Родственник дьявола
Шрифт:
Клауса завели в каптёрку и не получив вразумительного ответа шесть человек накинулись на него как саранча. Особенно изгалялись над безжизненным телом известного арестанта два подельника Трескун и Дунай, которым до свободы осталось восемь дней. Избивали изощрённо, как менты без следов на теле. Часу не прошло, как его нога ступила на зону, а он уже лежал в санчасти без чувств под капельницей. Диагноз: сотрясение мозга и перелом двух рёбер. Бунта в колонии в этот день не было, так как все качки вместе с Пеплом дружно бросились за спасением на вахту. Человек триста сидельцев стояли около вахты и требовали, чтобы им выдали беспредельщиков, учинивших жестокий
– Все, кто совершил преступные действия против Клауса Зингера, закрыты в холодном изоляторе и обязательно им будет добавлен срок с ужесточением режима. А вас прошу не разжигать огня и разойтись всем по своим отрядам, пока я не вызвал маски шоу.
Народ разошёлся после заявления начальника. А через восемь дней после истечения срока уйдут на свободу подельники Трескун и Дунай. А остальные качки дожидались разнарядки на другую зону в штрафном изоляторе. Оставлять их было опасно, так как со свободы был уже передан циркуляр в отношении всех качков кто лютовал над Вездеходом. Через день после освобождения двух подельников на зону пришла ошеломляющая новость: «Трескуна и Дуная нашли в полулежащей позе на сиденье автомобиля с остекленевшими глазами». Они задохнулись в гараже угарным газом. Других вредных примесей у них в организме не нашли. Как они задохнулись осталось загадкой для следствия, так как многим их друзьям и родственникам хорошо было известно, что оба этих неразлучных друга были ярыми приверженцами здорового образа жизни, – табак и спиртное они категорически отвергали.

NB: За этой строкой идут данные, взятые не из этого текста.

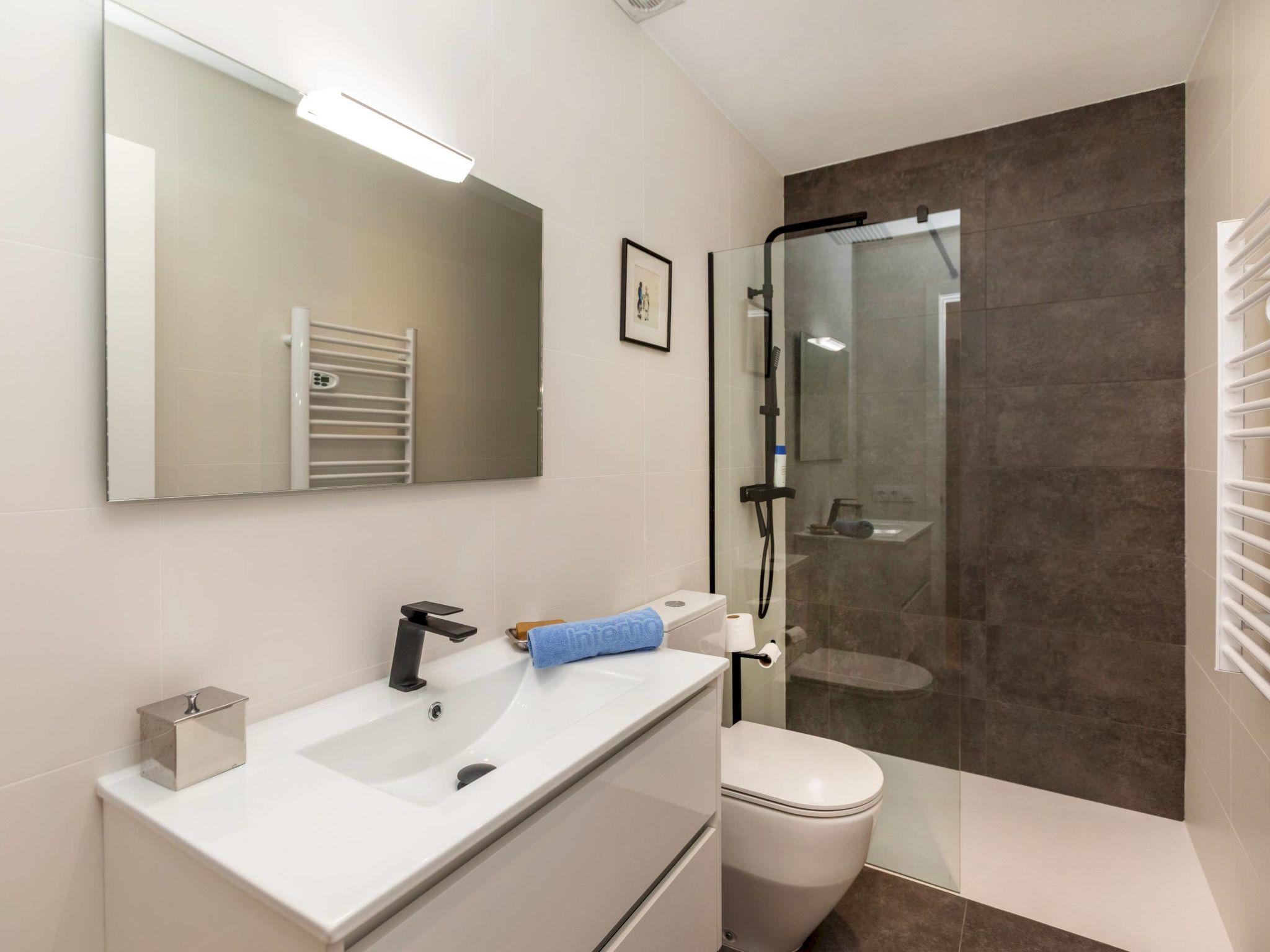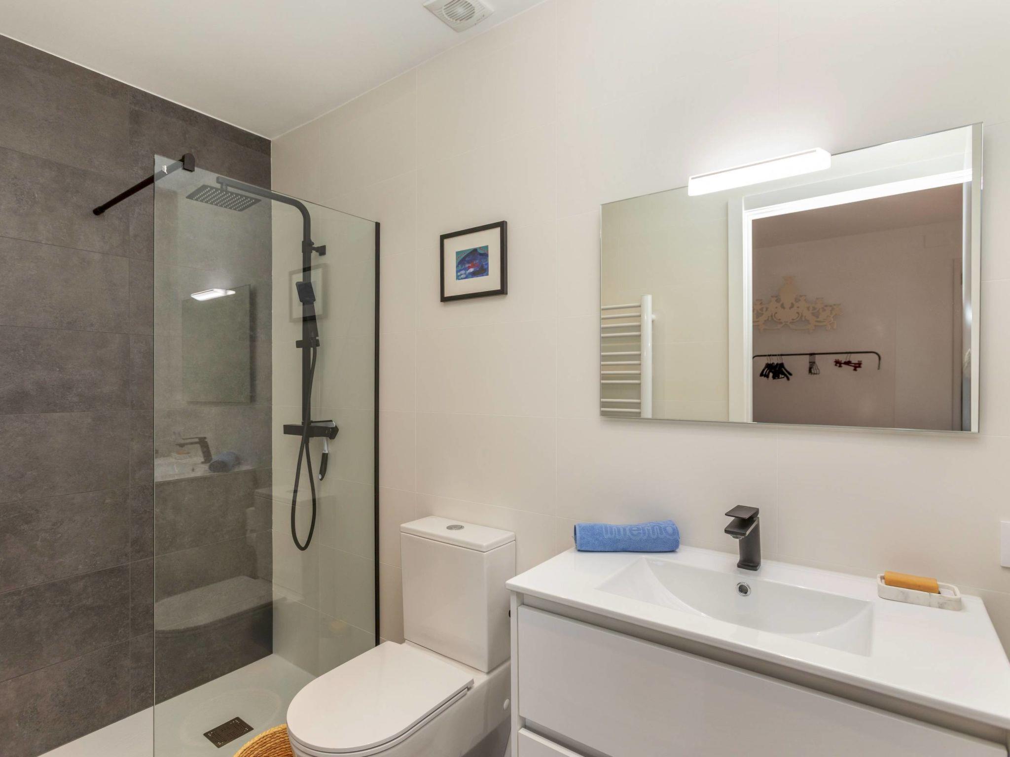 "Villa Chantal", 7-room house 576 m2. Spacious and bright, comfortable and stylish furnishings: living/dining room with digital TV and air conditioning. Exit to the garden, to the swimming pool. 1 room with 1 french bed (140 cm, length 190 cm), shower/WC. Exit to the garden. Large, open kitchen (5 hot plates, oven, dishwasher, toaster, kettle, microwave, electric coffee machine). Upper floor: 1 room with 2 beds (90 cm, length 190 cm), shower/WC and air conditioning. 1 room with 1 french bed (160 cm, length 190 cm), shower/WC and air conditioning. Exit to the terrace. 1 room with 1 french bed (160 cm, length 190 cm), bath/WC and air conditioning. 1 room with 1 double bed (2 x 90 cm, length 190 cm), shower/WC and air conditioning. 1 room with 1 double bed (2 x 90 cm, length 190 cm), shower/WC and air conditioning. Large patio. Terrace furniture, barbecue, covered balcony. View of the town. Facilities: washing machine, iron, children's high chair, baby cot for up to 2 year olds, hair dryer. Internet (WiFi, free). Garage space n 1 coche. Please note: maximum 1 pet/ dog allowed. TV only ES. HUTG-049098 // Reg. Nr.: ESFCTU00001700700002972700000000000000000HUTG-0490985

Пепел ушёл на свободу с другой зоны, но от наказания и ему скрыться не удалось. Его тело нашли через полгода в лесу под снегом. Эти три смерти значительно преумножили Вездеходу авторитет в местах лишения свободы. Его кто-то по-настоящему побаивался, а кто-то уважал. Хотя он к этим смертям никакого отношения не имел. Просто у этой троицы были руки по локоть в крови и немало было желающих на свободе напомнить им о своих унижениях в неволе. И всё-таки его правоохранители не думали долго оставлять в покое, считая Клауса заказчиком этих нелепых убийств. Зачастили к нему на зону представители разных силовых ведомств. Они словно близкие родственники появлялись в учреждении заключённых, пытаясь найти связь между Зингером и погибшими качками. Особенно любил его посещать сотрудник из местного следственного комитета Сазанов. Он был очень неаккуратен, как во внешности, так и в одежде. Вечно небритый, с бледными щеками и дурным запахом изо рта, он являлся к нему в мятых брюках и в грязной обуви. Помимо этих серьёзных недостатков у него было омерзительное лицо, – «как два пальца в рот», с перекошенным ртом и красными веками. Сазанов клал на стол свою папку и открывал перед допросом бутылку полутора литровой воды.
– Ну что начнём Зингер признаваться, кому вы заказали своих обидчиков? – скрипучим голосом спрашивал следователь.
– Вам надо начинать разговаривать с Бурдыкиным, – он же Буран, а не со мной, – ответил ему Зингер. – Может он вам прольёт свет на их внезапную кончину. Ну какой может быть спрос с меня, у меня алиби, которое мне обеспечил суд и УФСИН.
– А кто такой Буран? – допытывался следователь. – Что-то такой клички в деле не фигурирует.
– Буран, – это в моём городе директор частного клуба «Атлант»
– Подробнее, пожалуйста мне об этом Буране и его клубе? – приготовился он записывать показания Клауса.
– Этот платный клуб находится в бомбоубежище ГПТУ – 4, –
Сазанов оставив без внимания отпущенные претензионные последние фразы Клауса, недоверчиво сверлил его своими глазами.
– То есть вы хотите сказать, что эта армия спортсменов была криминогенной?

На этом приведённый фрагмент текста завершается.